Raw data:
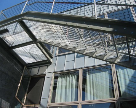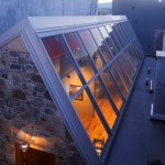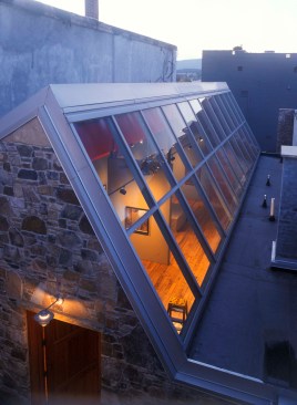 The buildings are structured to bear substantially on their interior steel frames owing to the question of the structural integrity or the future use of the adjoining buildings. The studio and residence are framed in exposed timber. The gallery and visiting artists residence are simple spaces in painted drywall. Color informs each space. The exterior is clad in zinc and local stones. The windows are fiberglass clad wood out of the catalogue.
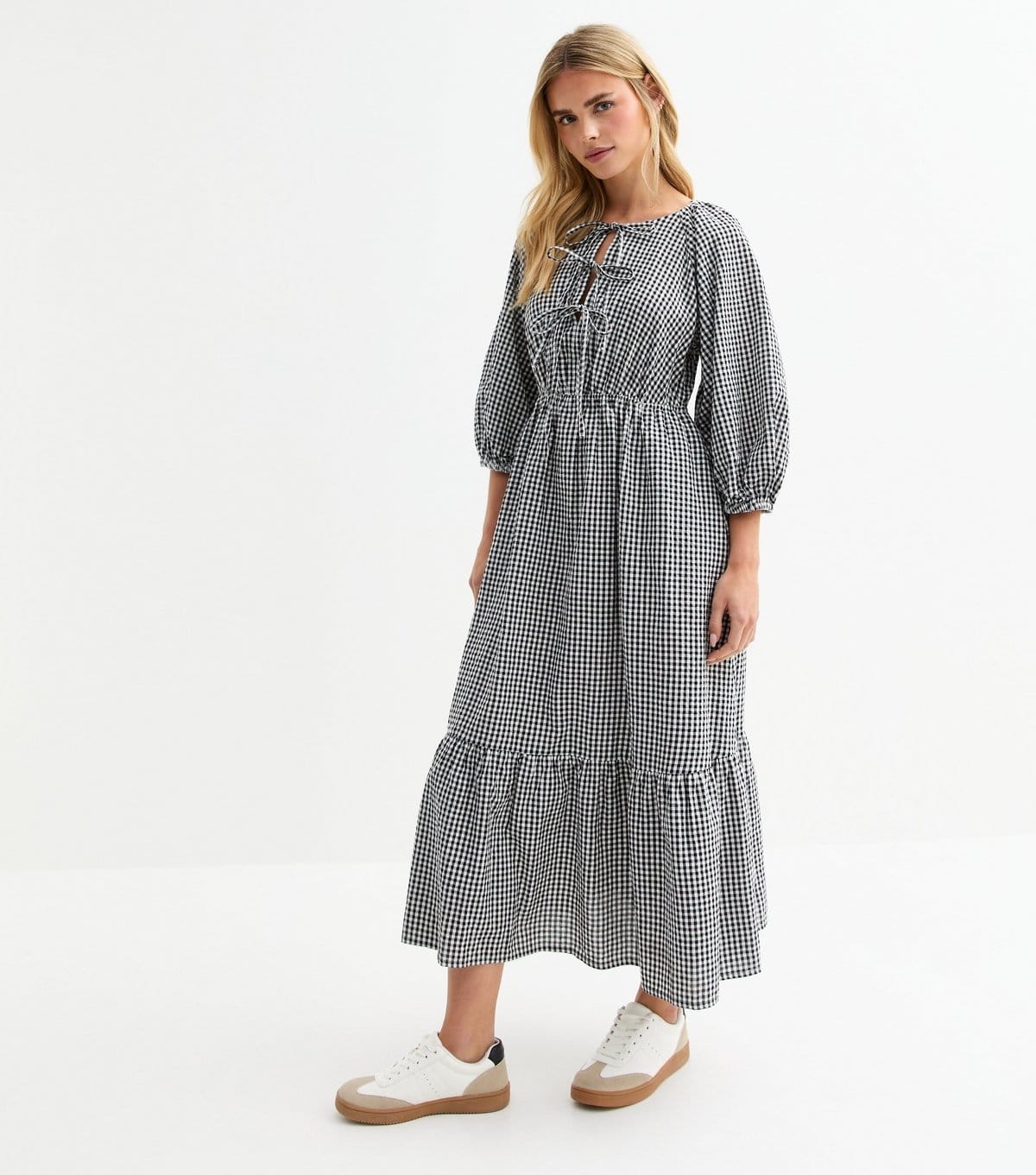 This black and white checked midi dress by New Look features a tie front neckline with cut-outs and three-quarter-length sleeves. The relaxed fit and tiered hem add to its casual charm. Perfect for a preppy yet comfortable look.
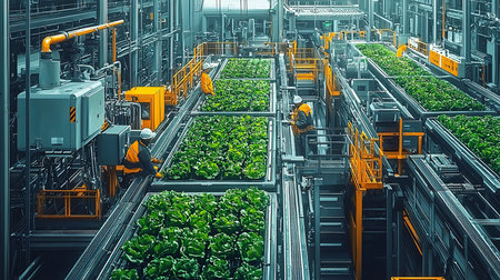 A large indoor farming facility featuring advanced automation technology for producing fresh green vegetables. Workers in protective uniforms oversee the machinery and hydroponic systems in this high-tech agricultural setup.
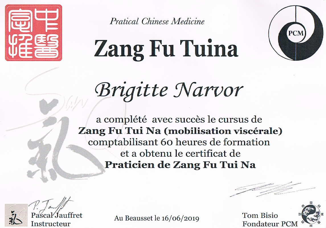 - Certificat de Praticienne de ZANG FU TUI NA
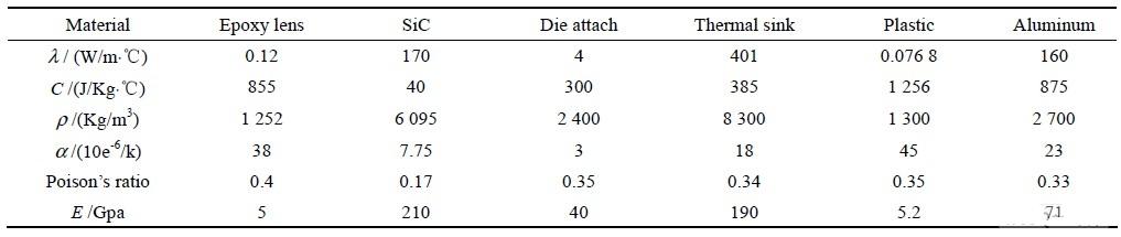 以Lumileds 的1 W 功率型LED 器件(如圖1)為研究對象,該LED 由透鏡、芯片、鍵合層、熱沉、基板及塑封料組成。熱量由芯片經鍵合層傳導到熱沉,最後由基板與空氣進行對流散熱。LED 各種封裝材料熱性能參數如表1 所示。
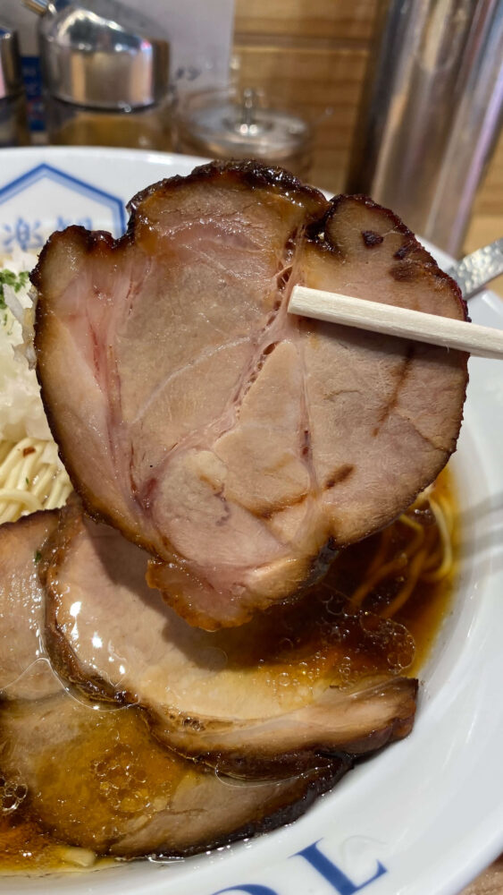 ▲外側をしっかり炙られたチャーシュー。香ばしくて美味。3枚も入っていて嬉しい。

The task:
When you copy the entries, keep every word exactly as it stands and drop any pictures.

Written reply:
 The buildings are structured to bear substantially on their interior steel frames owing to the question of the structural integrity or the future use of the adjoining buildings. The studio and residence are framed in exposed timber. The gallery and visiting artists residence are simple spaces in painted drywall. Color informs each space. The exterior is clad in zinc and local stones. The windows are fiberglass clad wood out of the catalogue.
 This black and white checked midi dress by New Look features a tie front neckline with cut-outs and three-quarter-length sleeves. The relaxed fit and tiered hem add to its casual charm. Perfect for a preppy yet comfortable look.
 A large indoor farming facility featuring advanced automation technology for producing fresh green vegetables. Workers in protective uniforms oversee the machinery and hydroponic systems in this high-tech agricultural setup.
 - Certificat de Praticienne de ZANG FU TUI NA
 以Lumileds 的1 W 功率型LED 器件(如圖1)為研究對象,該LED 由透鏡、芯片、鍵合層、熱沉、基板及塑封料組成。熱量由芯片經鍵合層傳導到熱沉,最後由基板與空氣進行對流散熱。LED 各種封裝材料熱性能參數如表1 所示。
 ▲外側をしっかり炙られたチャーシュー。香ばしくて美味。3枚も入っていて嬉しい。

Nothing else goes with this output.